Don’t Be Agile, Be Smart Agile

Don’t Be Agile, Be Smart Agile

With the increasing pace of change in terms of technology disruption, globalization, and the changing nature of work itself, what should companies do to ensure they continue to survive and thrive? This article is my take on research published in Strategy+Business.

The researchers looked at “winning companies” – companies that had a reputation for being consistently successful. They also looked at “losing companies” – companies that experienced significant drops in their valuations over a 10 year period, to try to understand the lessons that could be gleaned.

To deal with the increasing rate of change, conventional wisdom suggests that companies need to become more “agile” and move quickly to deal with threats, or more quickly to pursue attractive opportunities. However, the research findings were counter-intuitive.

The winning companies weren’t more agile than the losers, in the sense of being able to respond faster to changes in their industry environment. Yes, the winning companies were proactive in their strategic moves, but more importantly, they were very measured and consistent in the big, strategic choices they made.

The research found that 80 percent of the value destruction in the losing companies was because of “strategic blunders”. It was the poor strategic decisions made by the losers that brought about their decline.

The big lesson from the research is that “changing fast” to chase after opportunities is not a recipe for success. It’s a recipe for strategic incoherence and volatile performance. A winning strategy is not about being agile, it’s about being “smart agile”. In other words, the winning companies won because they made wise strategic choices, not because they moved fast.

Here is my take on the five key practices common to the winning companies; many of which run counter to conventional business wisdom:

1. Stay true to who you are.

This does not mean that you do not change. You do change. But you remain clear about what you stand for in terms of your Core Purpose. “What” you do, and “how” you do it may change, but “why” you do it should stay constant. Go through a disciplined process (at minimum every 12 months) to conduct a thorough industry analysis to identify and understand the forces of change, then choose a small handful of long-term strategic moves that will set you up for future success. Your short term strategic projects (big rocks) should be moving you in the direction of these long-term moves. You play the strategy “long game”.

2. Lead your customers.

Peter Drucker said, “The truly important events on the outside are not the trends. They are the changes in the trends. These determine ultimately the success or failure of an organization and its efforts.”

You need to understand the key forces that are impacting (or likely to impact) your industry and get out ahead of changing trends. From there you shape what your customers want. The winning companies did not base their strategies on researching what their consumers wanted and responding to customer needs. Rather, they anticipated what the customers would want in the future, and created demand.
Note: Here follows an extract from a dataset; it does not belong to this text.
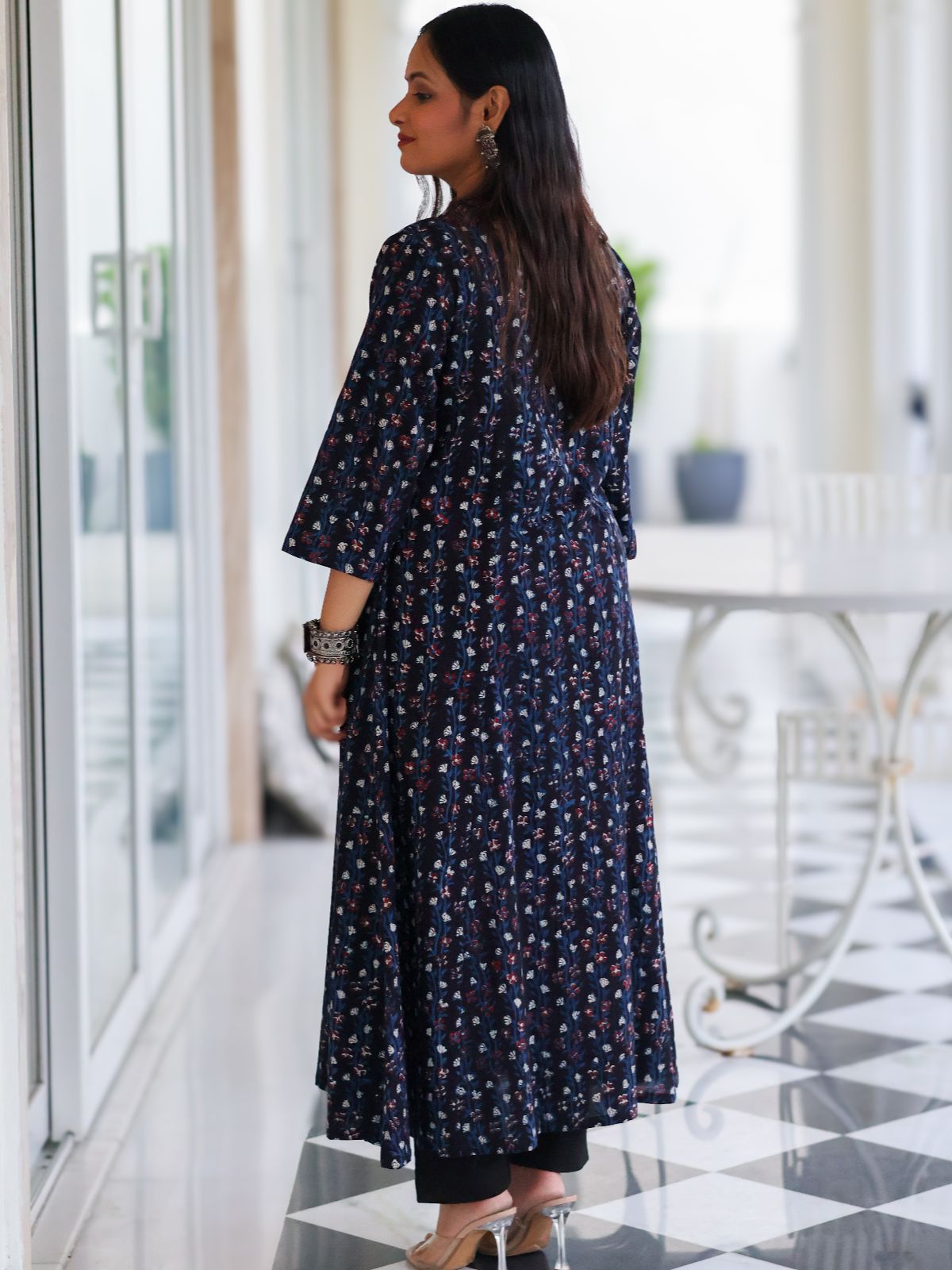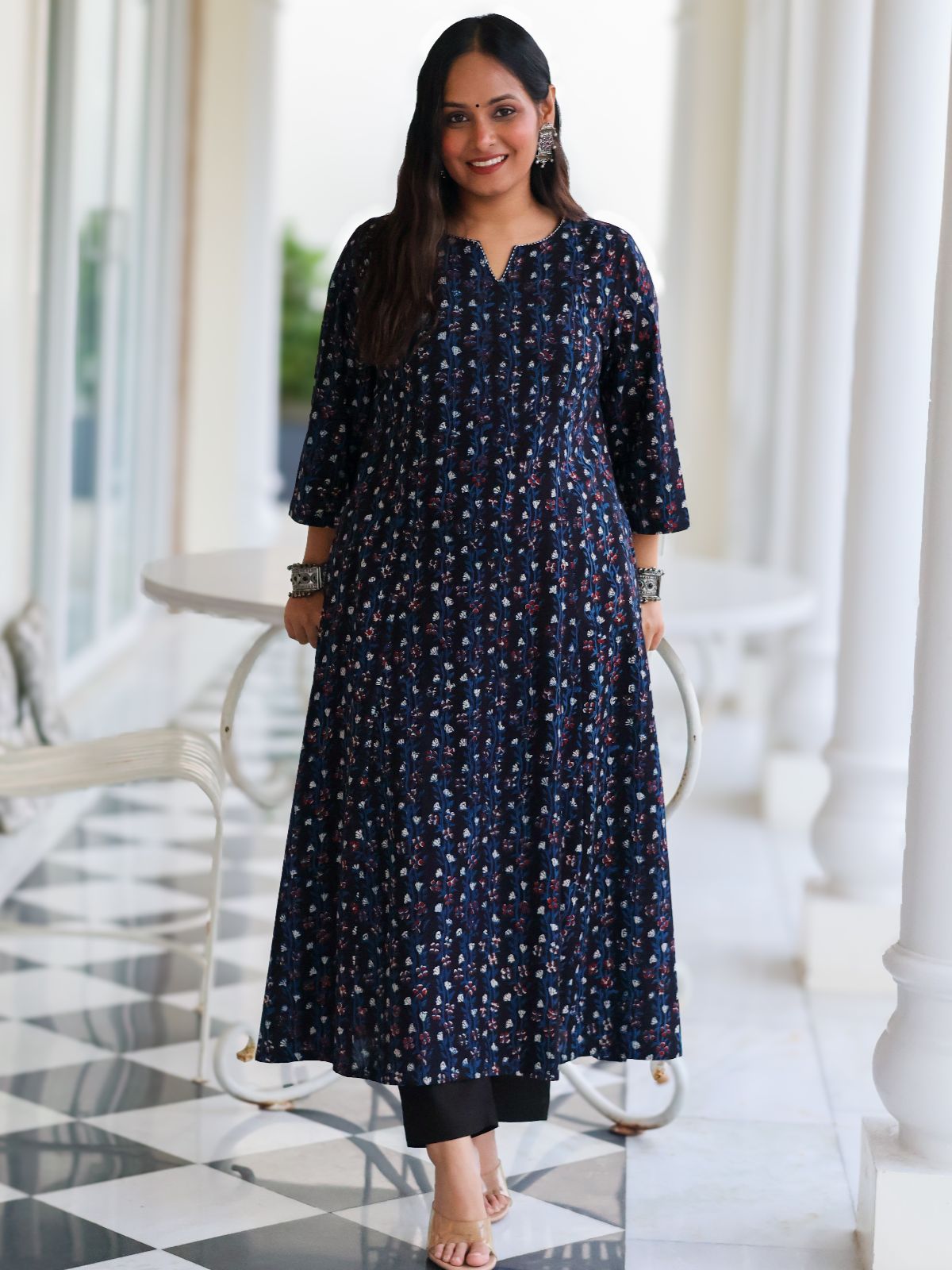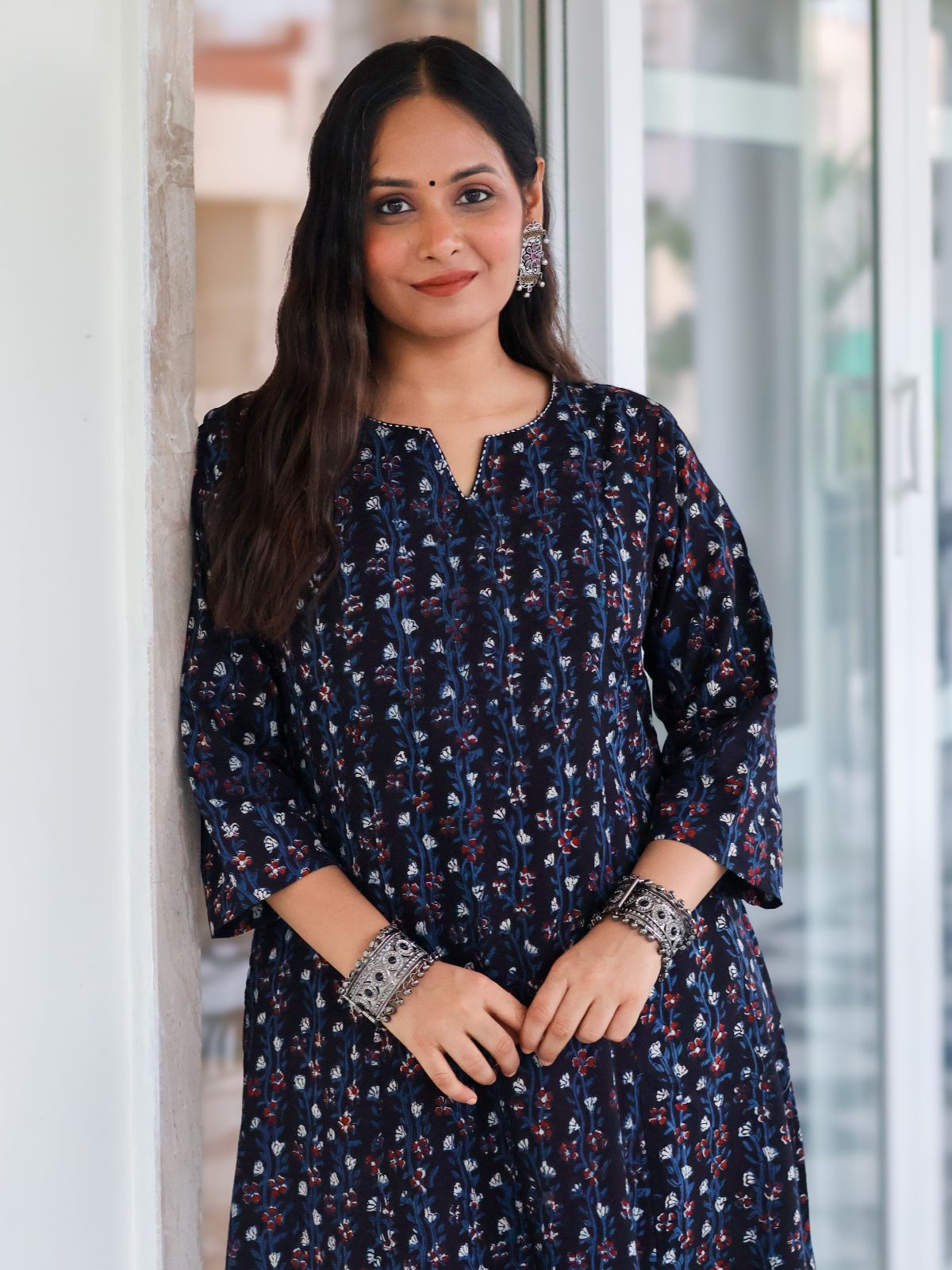 This festive ensemble features a circular cut Kali kurta, 3/4th sleeves, a round neck with a V cut-out, and an amazing flare fall with side pockets. The pants are a relaxed fit for ultimate comfort. Comfortable enough for everyday wear, polished enough for a festive dinner - it’s a wardrobe investment you’ll keep coming back to. The kurta set is stitched by our skilled artisans in Jaipur.

3. Figure out what is “Core” to your future success.

Meeting or exceeding industry best practices is just table stakes. Winning companies identify the Core Activities (including products and services) that matter now, and those activities, products, and services that will matter the most in the future, and invest in these. They place “strategic bets” on the capabilities that will matter most in the future and then execute relentlessly.

4. Put your culture to work.

Identify your Core Values and bring them to life every day. Winning companies leverage their unique behaviors to make them even more powerful and effective.

5. Prune the rose bush.

I have a saying, “You have to constantly prune the rose bush to create beautiful blooms.”

Peter Drucker wrote about the importance of “purposeful abandonment”. He said, “The temptation of business is always to feed yesterday and starve tomorrow.”

Strategy Execution requires courage. Your “stop doing” decisions are where you demonstrate true strategic leadership. It is easy to keep adding products, services, and new projects. It takes real courage to say, “No”.

Winning companies do not control expenses across the board. They strategically cut costs to grow stronger. Winning companies treat expenses as investments. They double down on investments in the Core Activities that will create value in the future and they ruthlessly prune off those activities, products, and services which no longer serve their long-term strategic moves.

Winning companies have the discipline to say “No” to everything that does not help them win the strategic game they have chosen to play.